Atualizado em 15/11/2021 às 20:15
 (Flávio Tavares)

(Flávio Tavares)

RIO DE JANEIRO – Era uma vez uma menina nascida em uma das regiões mais pobres e violentas do Rio, a Cidade de Deus.

Que poderia ter o mesmo destino trágico de tantos adolescentes sem oportunidade e perspectivas, mas encontrou no esporte o caminho para crescer.

Apadrinhada pelo Instituto Reação, ONG coordenada pelo medalhista olímpico Flávio Canto e pelo treinador Geraldo Bernardes, Rafaela Silva poderia se contentar com o título mundial na categoria até 57kg em 2013, no Rio. 

Um ano antes, no entanto, ela viveu uma experiência traumática. Chegou a Londres como candidata a um lugar no pódio, acabou eliminada na segunda fase ao aplicar um golpe que se tornou proibido com uma mudança nas regras e, por isso, virou alvo de ofensas racistas nas redes sociais.

Felizmente a vida da judoca de 24 anos deu voltas para o caminho certo. A insistência na preparação e o desejo de brilhar novamente em casa foram premiados com o mais nobre dos metais, o ouro olímpico.

Uma a uma, ela deixou para trás a alemã Miryam Roper (ippon); a sul-coreana Jandi Kim, por wazari; bateu a húngara Hedvig Karakas nas quartas de final, pela mesma pontuação e, na semifinal, repetiu a dose na semifinal diante da romena Corina Caprioriu (uma marcação a seu favor que acabou revista a obrigou a buscar a definição uma segunda vez). 

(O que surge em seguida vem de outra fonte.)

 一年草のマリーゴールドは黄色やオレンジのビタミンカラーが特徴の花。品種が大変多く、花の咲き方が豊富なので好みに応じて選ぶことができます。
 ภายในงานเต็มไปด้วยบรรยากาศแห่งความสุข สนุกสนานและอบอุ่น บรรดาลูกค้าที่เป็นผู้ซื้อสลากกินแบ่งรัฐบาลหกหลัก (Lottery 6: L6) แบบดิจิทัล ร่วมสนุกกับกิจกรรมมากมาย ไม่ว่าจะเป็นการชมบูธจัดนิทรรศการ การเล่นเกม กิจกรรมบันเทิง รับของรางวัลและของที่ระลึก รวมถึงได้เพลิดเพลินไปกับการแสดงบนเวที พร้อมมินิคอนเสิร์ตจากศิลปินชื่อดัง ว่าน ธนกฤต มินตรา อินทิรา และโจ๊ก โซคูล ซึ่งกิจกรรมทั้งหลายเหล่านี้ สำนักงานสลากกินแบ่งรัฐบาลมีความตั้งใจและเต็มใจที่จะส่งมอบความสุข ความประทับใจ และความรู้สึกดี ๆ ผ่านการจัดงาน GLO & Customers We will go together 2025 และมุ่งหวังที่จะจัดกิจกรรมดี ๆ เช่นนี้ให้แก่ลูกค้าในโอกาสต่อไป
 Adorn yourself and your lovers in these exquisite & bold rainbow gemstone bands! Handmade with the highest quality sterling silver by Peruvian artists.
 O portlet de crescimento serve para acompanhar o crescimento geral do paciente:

Faltava definir a cor da medalha, e a luta com a mongol Sumiya Dorjsuren não deixou dúvidas. Depois de punição às duas por falta de combatividade, ela aproveitou a primeira oportunidade para imobilizar a rival e, por novo wazari, garantir a medalha dourada.

Hora de liberar a tensão e comemorar com a torcida; a coordenadora-técnica Rosicléia Campos e os padrinhos Canto e Bernardes.

"Ainda estou pasmo. É extraordinário, ela é a primeira brasileira campeã olímpica e mundial. A Rafaela representa muita coisa e essa medalha tem um simbolismo enorme, para ela, para o Reação e o Brasil”, festejou Canto.

“Ela mostra que uma pessoa que vem de uma comunidade violenta, perigosa, pode vencer na vida, e que o esporte e a educação são caminhos para uma vida melhor. A Rafaela vem numa trajetória que só poderia chegar a esse ponto”, destacou Bernardes, seu primeiro treinador, e que hoje orienta a equipe de refugiados do COI.

O filme da vida de Rafaela passou por sua cabeça tão logo desceu do pódio com a esperada medalha.

“Tenho que agradecer muito à Mel Salgado (psicóloga da Confederação Brasileira de Judô), que me convenceu a não parar depois do que passei em Londres. Não foi fácil ouvir tantos comentários desnecessários, se fosse assim, o Teddy Riner, que é o mais forte judoca da atualidade, e é negro, não poderia competir. Me sinto muito bem lutando em casa e espero passar para as crianças da comunidade o meu exemplo, mostrar a elas que não desistam do sonho, pois, ainda que demore, ele se realiza, como hoje (ontem) se realizou o meu”, festejou a dona do 24º ouro olímpico brasileiro.

Desafio

Em plenas condições de chegar aos Jogos de Tóquio, Rafaela terá pela frente a chance de quebrar um tabu, tornando-se a primeira mulher brasileira a se tornar bicampeã olímpica.